To the ears of John Thorpe, head of Saints Osmund and Andrew RC Primary in Bolton, there is nothing better than the sound of children playing happily. "I find it thoroughly uplifting," he says. But local residents do not always hear it that way. Over the years there have been regular gripes about playground noise, including one about excessively loud laughter. The school's "bellowing" PE teacher has also caused annoyance. So has the school bell.
But unlike Barlby Primary in North Yorkshire, where ball games were banned after complaints, Mr Thorpe refuses to compromise playtime. "It's an important part of a child's development," he says.
Instead, the school has staggered its breaks, re-designed the play area, and pointed the school bell upwards. These measures, and dialogue between the school and its neighbours, seem to have had the desired effect. "People appreciate that we've made an effort," he says.

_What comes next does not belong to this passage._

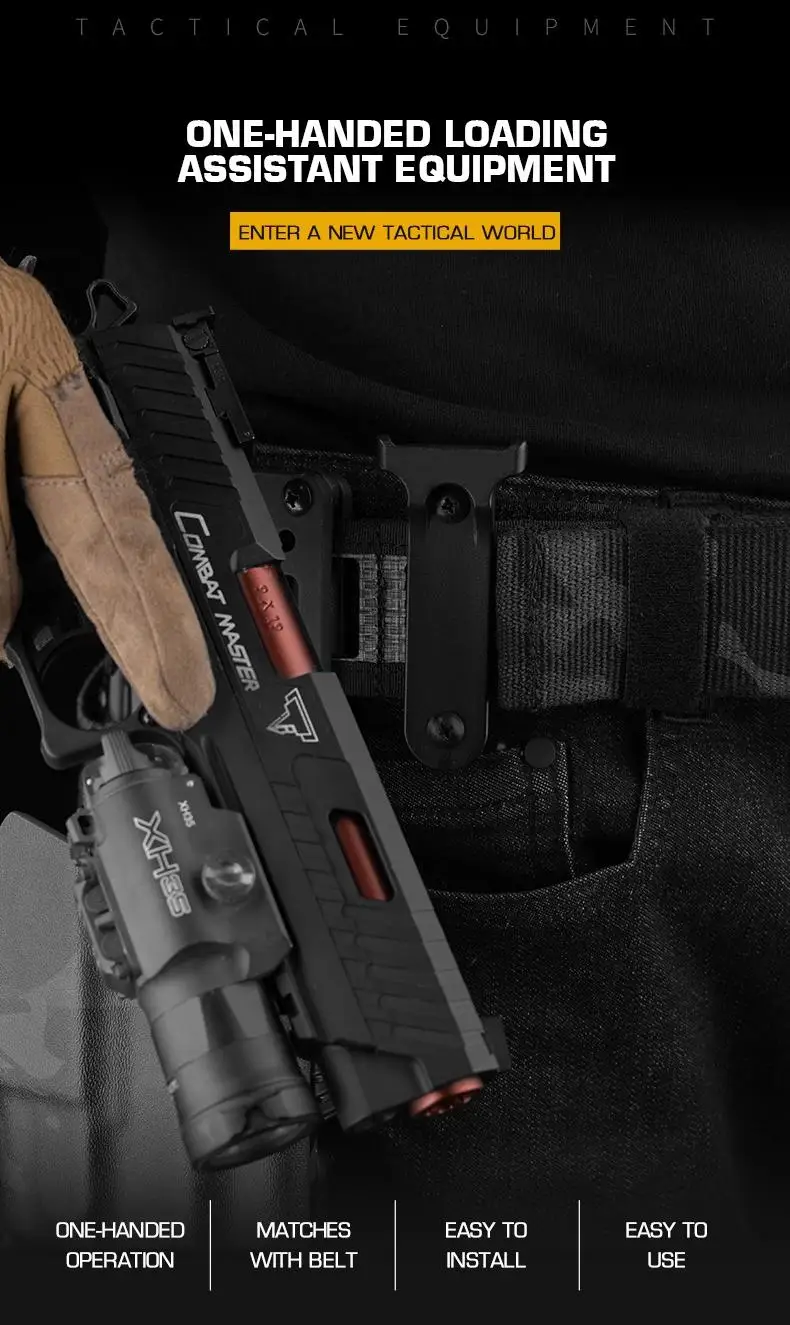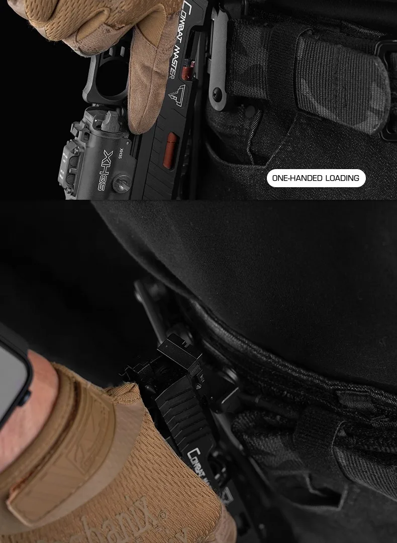 ① El racker está diseñado para la manipulación de pistola con una sola mano, lo que permite al tirador operar una pistola semiautomática con una sola mano.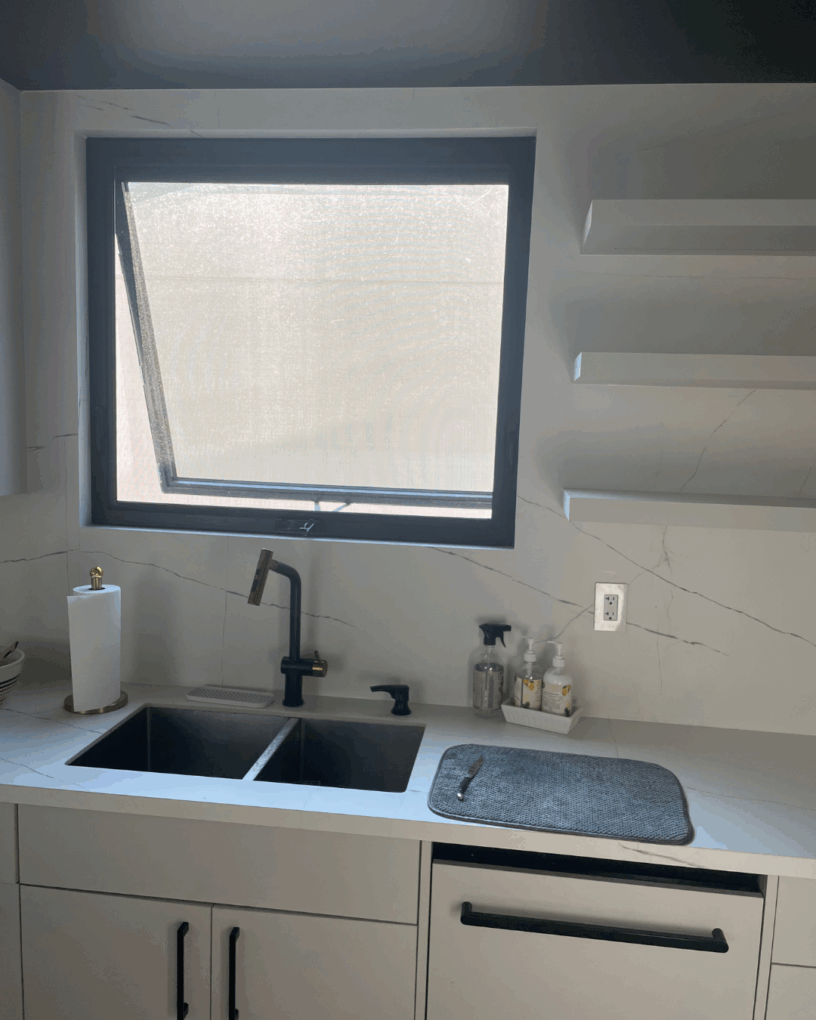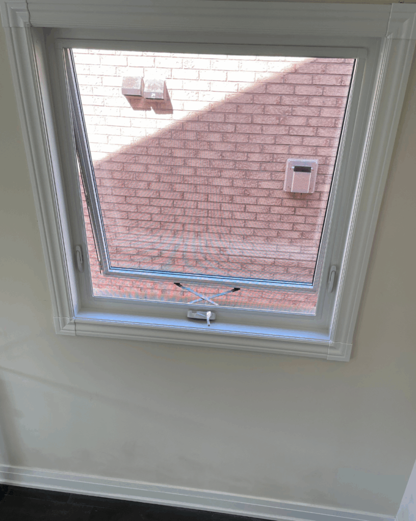 An Awning Window is a type of window that is hinged at the top, allowing the window to open outward from the bottom. This design creates an “awning” effect, where the top of the window remains stationary and the bottom swings outward. It is often used in areas where ventilation is needed while providing protection from rain, as the outward-opening design helps keep rainwater from entering the space. Awning windows are commonly used in basements, bathrooms, or areas where the window is positioned high on a wall. They are typically smaller than other window types and can be operated with a crank or manual mechanism.

But these disputes are not always settled so amicably, in which case it falls to the local environmental health department to make a judgment. But how much disturbance is acceptable? The answer is far from clear. "Confusingly, there are several different British standards relating to acceptable noise limits," says Steve Garritt, of noise consultants Samp;D Garritt, the firm called in to measure decibel levels at Barlby Primary. "In any case, an environmental health officer isn't obliged to take account of those standards. There's a strong element of subjectivity."
Records suggest it is very rare for school noise to be deemed "a statutory nuisance". The fact that playground hubbub is restricted to set times usually counts in a school's favour, as does the fact that noise occurs during the day rather than at night.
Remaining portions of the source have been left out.